Выбежав к сторожке в углу парка, где находилось боевое охранение, Юргин прежде всего увидел, что в поле действительно все еще метет и кружит метель. В сумраке рассвета, сквозь мглу снежного буса, поднятого метелью, не видно было ни полотна железной дороги, ни лесистого взгорья за ним, ни деревни Ленино… Всюду вправо и влево от сторожки, по неглубокой, полузасыпанной снегом канаве, являвшейся западной границей парка, виднелись солдаты. "В кого же они стреляют?" — подумал Юргин и только после этого разглядел, что сквозь метель из низины к парку движутся немецкие цепи. Юргин бросился мимо сторожки, понимая, что теперь никого в ней нет, свалился в канаву и здесь услышал крики солдат:
— "Психической" хотят взять, сволочи!
— А-а, гады, психуете?
— Готовь гранаты!
— Дай диски!
Вскочив на ноги, Юргин увидел, что в разных местах в канаву с разбегу бросаются бойцы, и закричал высоким, обычным в бою голосом:
— Товарищи, стоять! Ни шагу назад!
Но кричал он это, вероятно, только для того, чтобы солдаты узнали: командир роты вместе с ними в первой цепи…
Матвею Юргину хотелось многое сделать в эти секунды; узнать, где политрук Гончаров, ночевавший в овощехранилище, во взводе Дубровки, узнать, почему молчит станковый пулемет, стоявший против центра парка, послушать, не выходят ли на помощь танки… Но делать можно и нужно было сейчас только одно: хватать любое оружие и стрелять, стрелять, стрелять огромная толпа гитлеровцев двигалась по полю уже с диким ревом и пальбой из автоматов, двигалась навстречу нашему огню, затаптывая в снег убитых и раненых… Рядом смолк ручной пулемет.
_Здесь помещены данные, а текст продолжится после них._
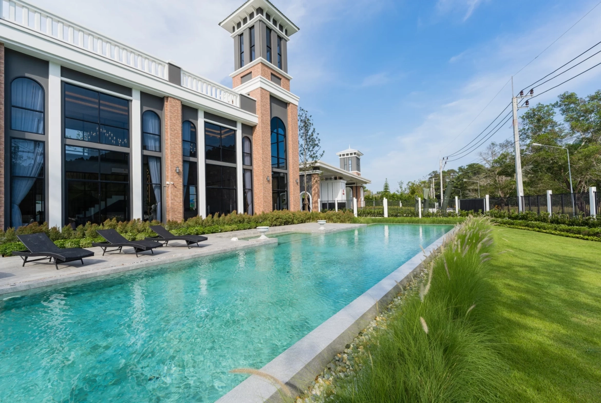 Crown Estate in Koh Kaew is perfectly positioned for families, being just a short stroll or a few minutes’ walk from the British International School Phuket. This makes it an excellent choice for those with children attending the school. Additionally, the Royal Phuket Marina and Boat Lagoon, which boast a variety of supermarkets and dining options, are just a 5-minute drive away. Golf lovers will appreciate the proximity to the esteemed Loch Palm and Red Mountain Golf Courses, only 15 minutes by car. The vibrant Phuket Town, known for its shopping centres and international medical facilities, is reachable in about 15 to 20 minutes by car. For those traveling further, Phuket International Airport is a convenient 40-minute drive from the estate.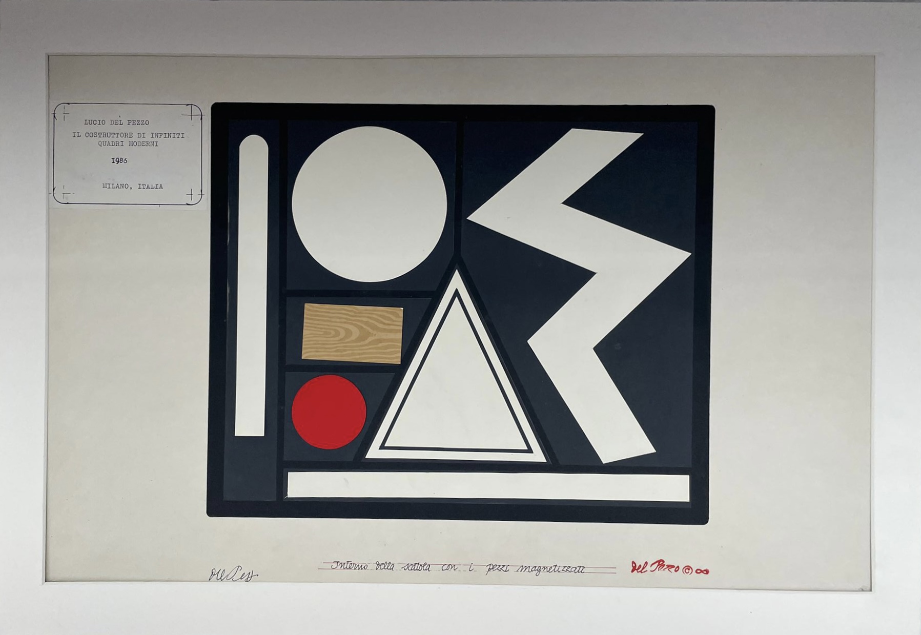 Ludico, neo-dadaista ma anche pop, astrattista e metafisico sono alcune delle definizioni più ricorrenti utilizzate per descrivere e allo stesso tempo circoscrivere la poetica dell’artista Lucio Del Pezzo. Un artista che in solitaria (aderì solo ad un gruppo artistico da giovanissimo) si è imposto all’attenzione della critica italiana ed internazionale per oltre sessant’anni con mostre significative in tante città del mondo [Dal testo critico di Alberto Dambruoso]

Оборачиваясь к Юргину, пулеметчик крикнул:
— Пьяные, сволочи! Берите пулемет, товарищ командир, я ранен, в глазах темнеет…
Юргин лег за пулемет и начал менять диск.
Огромная, быстро редеющая толпа гитлеровцев уже выбилась из сил на снежной целине, но шла и шла, стараясь кричать и стрелять, шла, как безумная и обреченная, навстречу неизбежной гибели. Она и была обреченной, эта толпа. Ей нельзя было ни остановиться, ни повернуть обратно: позади, на рубеже атаки, стояли немецкие пулеметы, готовые расстрелять ее за это без всякой пощады.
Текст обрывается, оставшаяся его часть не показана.